Directions: Write out, word for word and with no pictures, each line below from the one containing "Diese schicke, blumengeschmückte" through the one containing "Letter certifying the", both included, and no other line.

Material to process:

____________

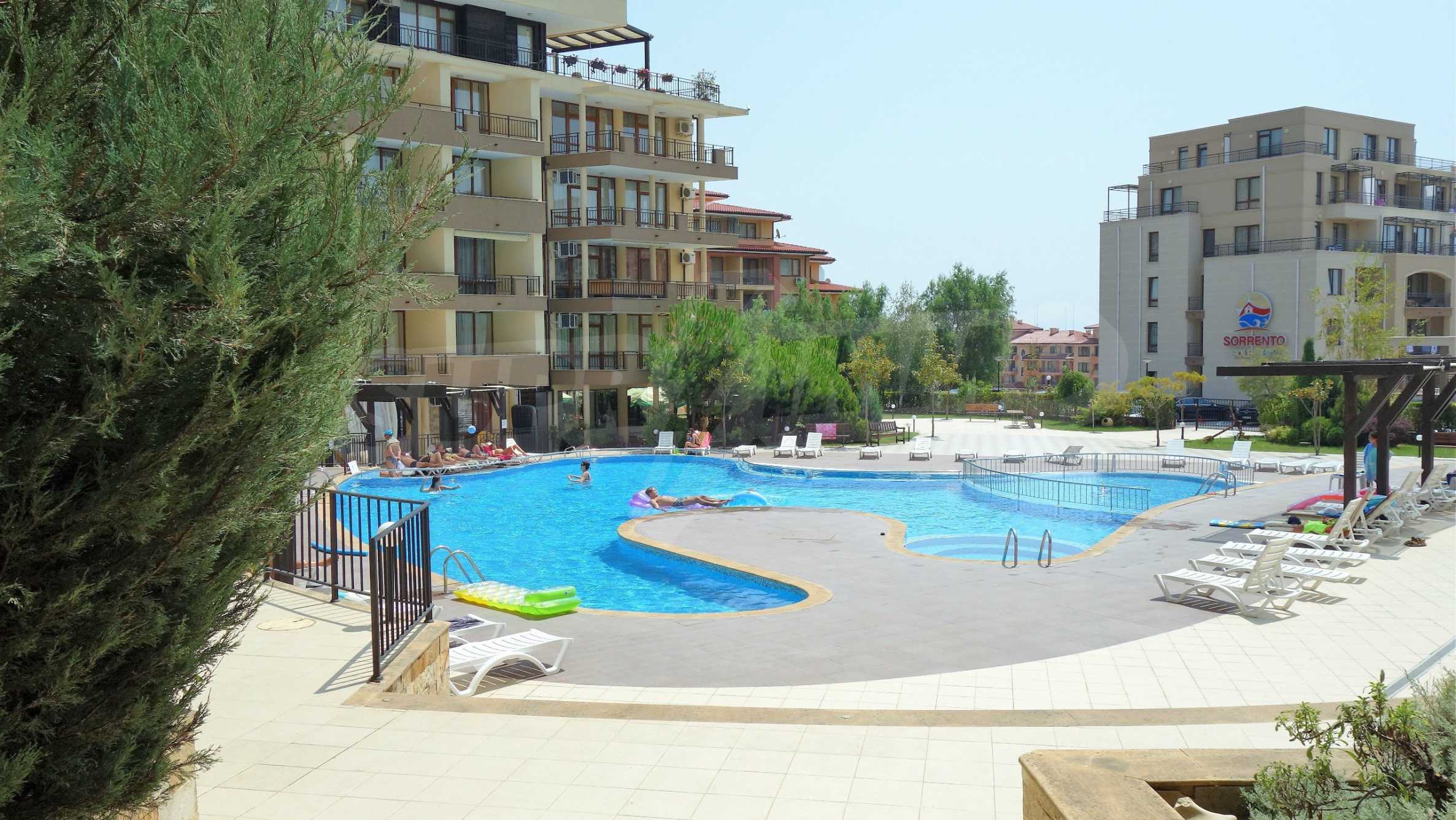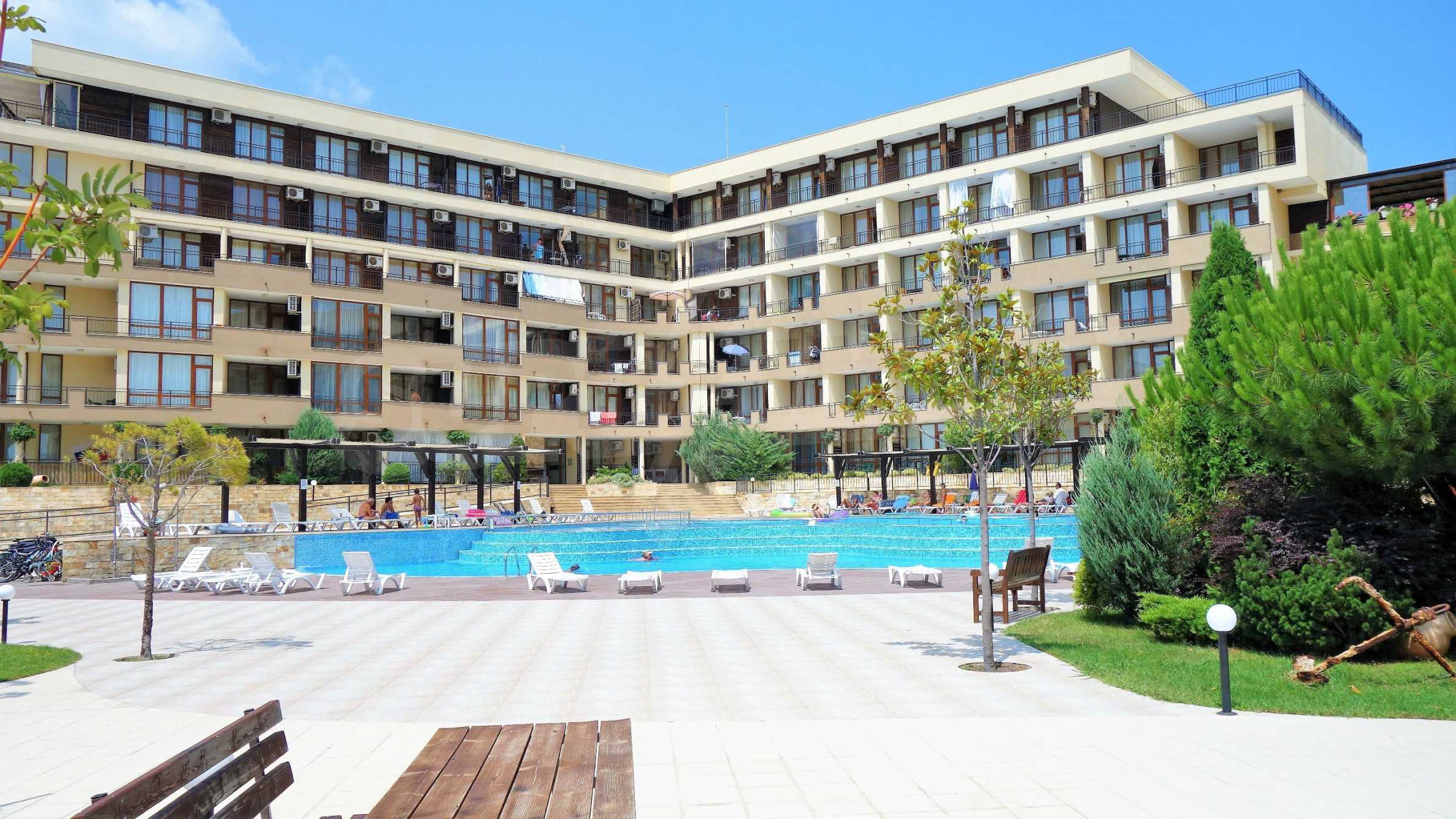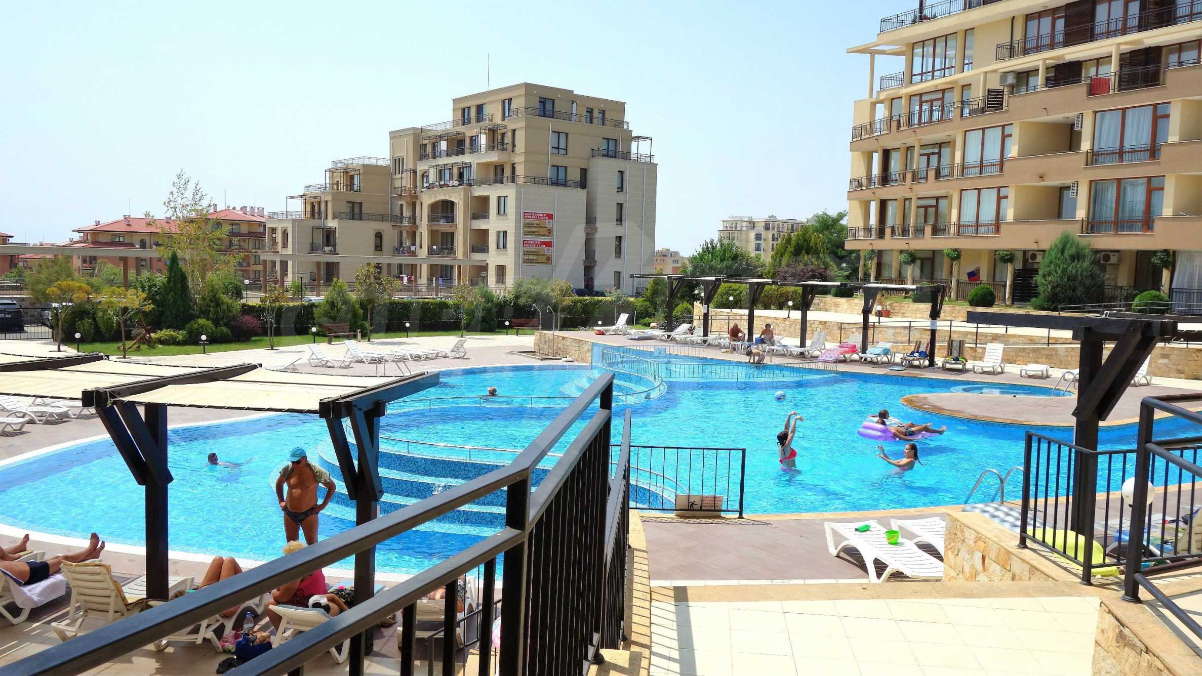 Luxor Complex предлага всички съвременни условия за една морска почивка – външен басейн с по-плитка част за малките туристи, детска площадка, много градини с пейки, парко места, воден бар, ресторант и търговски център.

____________

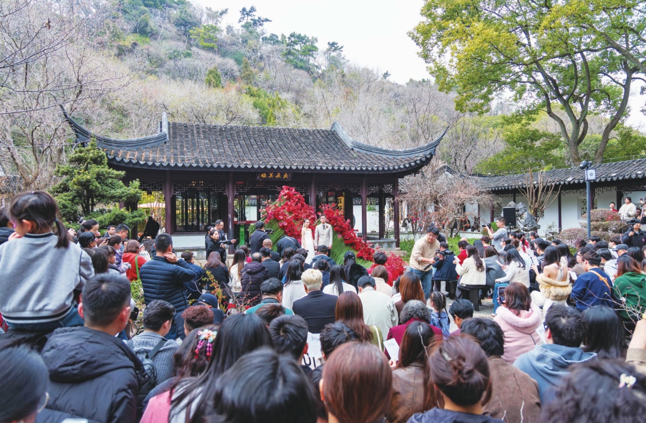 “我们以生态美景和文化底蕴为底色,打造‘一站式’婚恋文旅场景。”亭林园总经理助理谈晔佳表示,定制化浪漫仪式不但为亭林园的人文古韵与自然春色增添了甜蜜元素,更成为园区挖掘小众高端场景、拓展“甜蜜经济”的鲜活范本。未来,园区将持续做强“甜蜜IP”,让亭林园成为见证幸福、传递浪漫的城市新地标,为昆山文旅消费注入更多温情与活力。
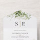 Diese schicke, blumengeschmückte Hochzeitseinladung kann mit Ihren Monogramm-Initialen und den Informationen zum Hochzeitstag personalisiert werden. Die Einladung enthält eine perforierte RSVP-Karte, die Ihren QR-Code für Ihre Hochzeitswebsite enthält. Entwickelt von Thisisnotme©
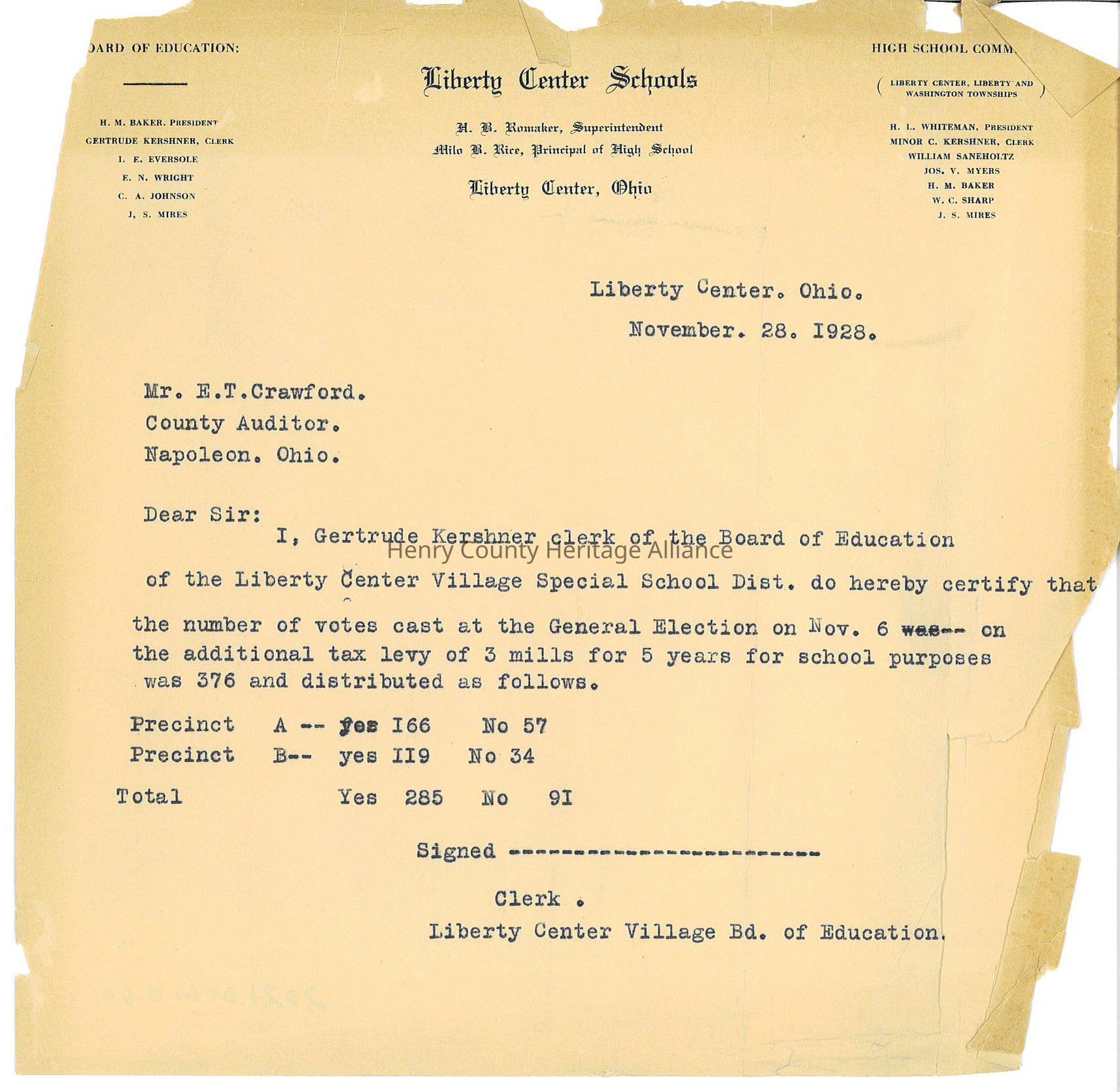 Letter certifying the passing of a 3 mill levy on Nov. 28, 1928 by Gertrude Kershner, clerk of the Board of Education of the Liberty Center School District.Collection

____________

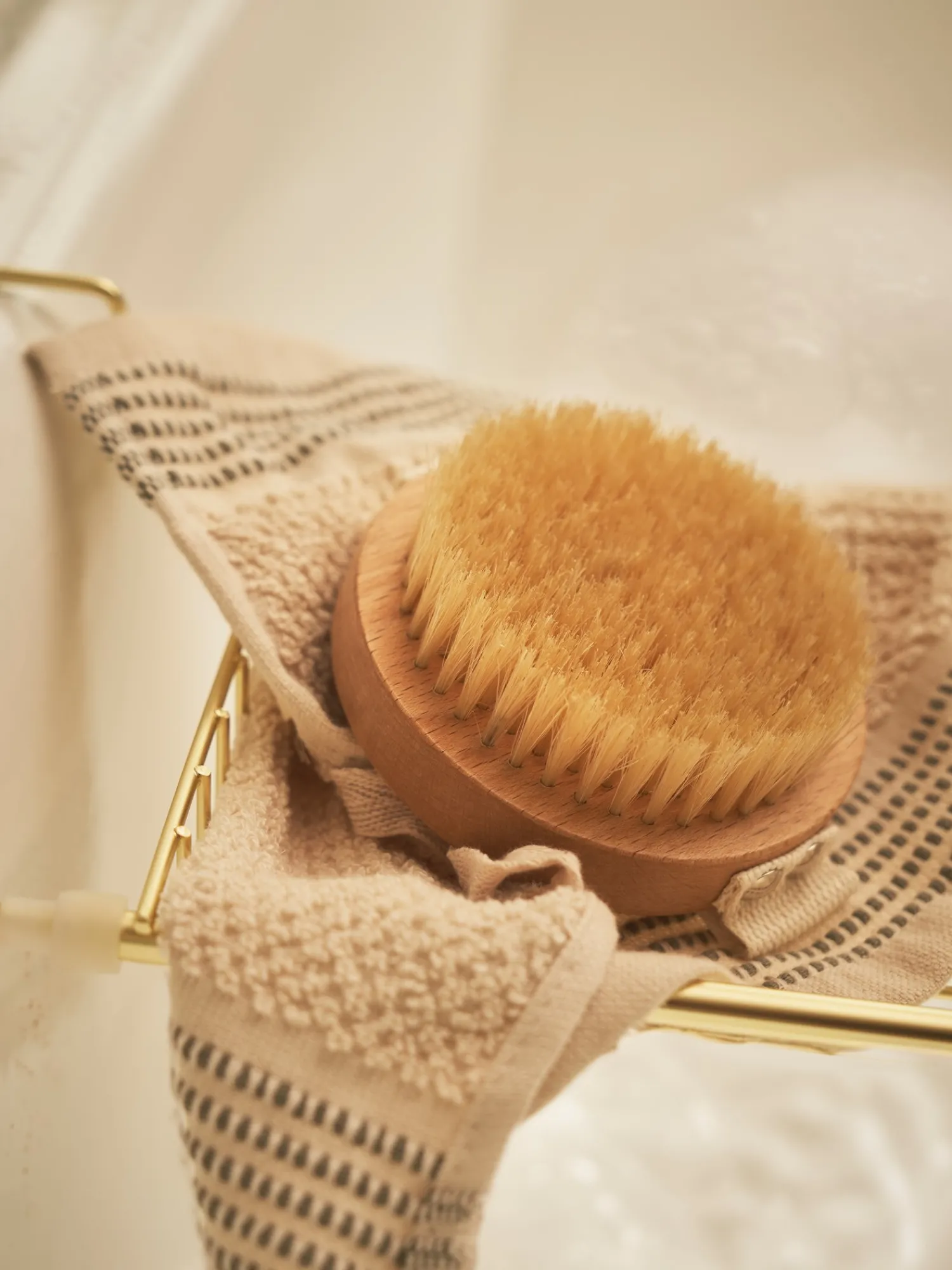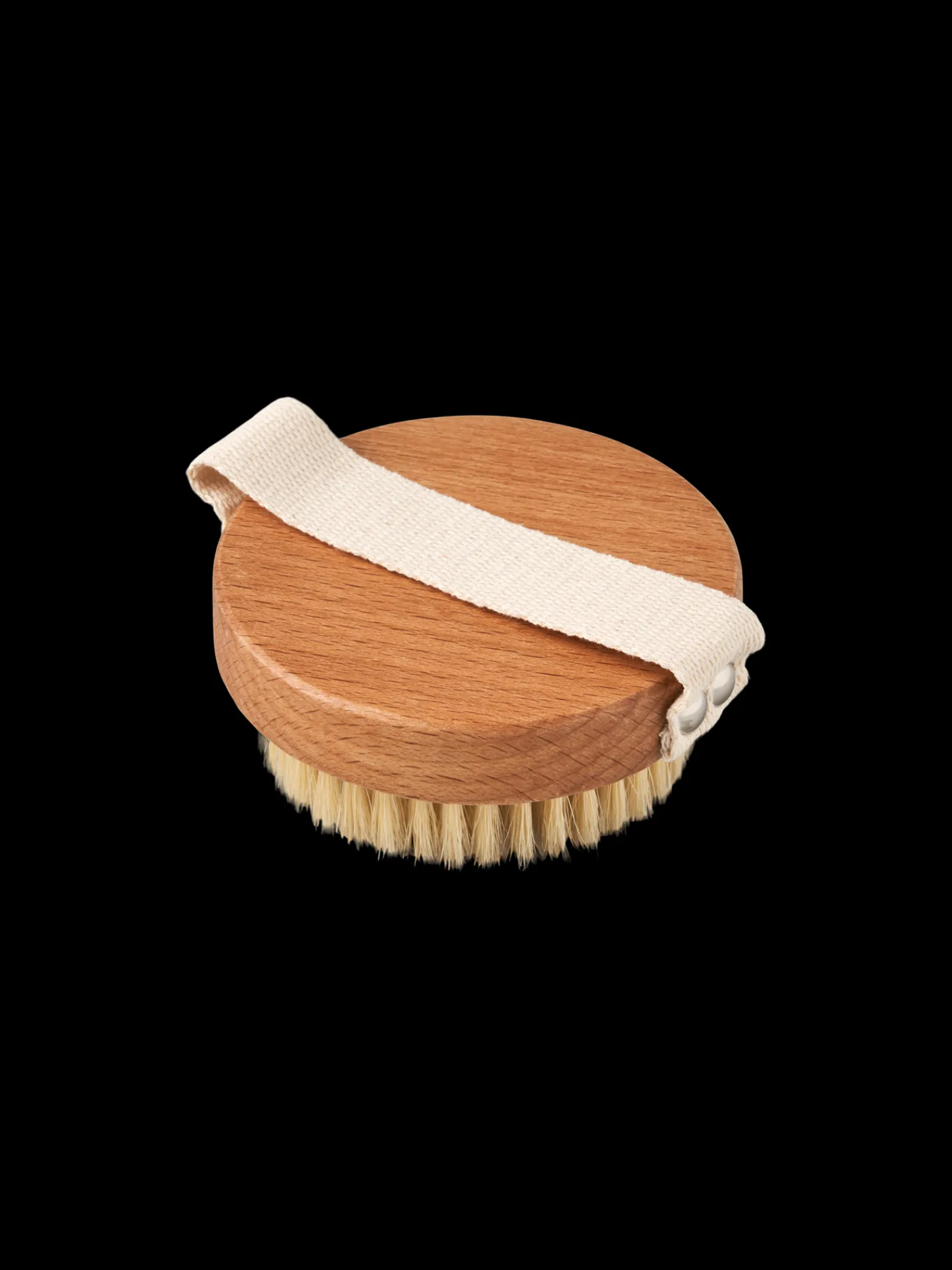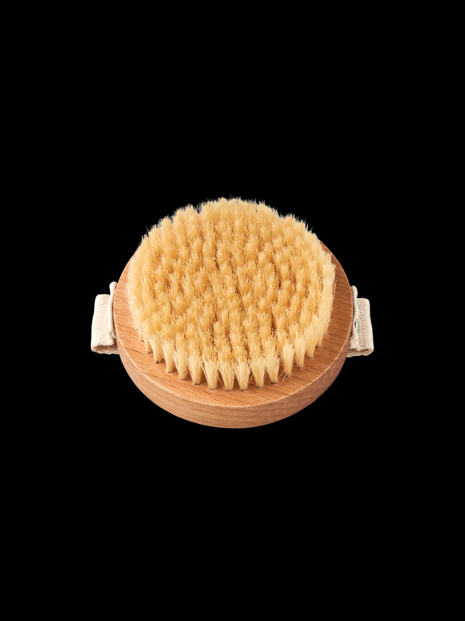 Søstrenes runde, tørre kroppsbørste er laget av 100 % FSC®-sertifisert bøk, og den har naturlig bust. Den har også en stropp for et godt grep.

____________

Output of the exercise:
 Diese schicke, blumengeschmückte Hochzeitseinladung kann mit Ihren Monogramm-Initialen und den Informationen zum Hochzeitstag personalisiert werden. Die Einladung enthält eine perforierte RSVP-Karte, die Ihren QR-Code für Ihre Hochzeitswebsite enthält. Entwickelt von Thisisnotme©
 Letter certifying the passing of a 3 mill levy on Nov. 28, 1928 by Gertrude Kershner, clerk of the Board of Education of the Liberty Center School District.Collection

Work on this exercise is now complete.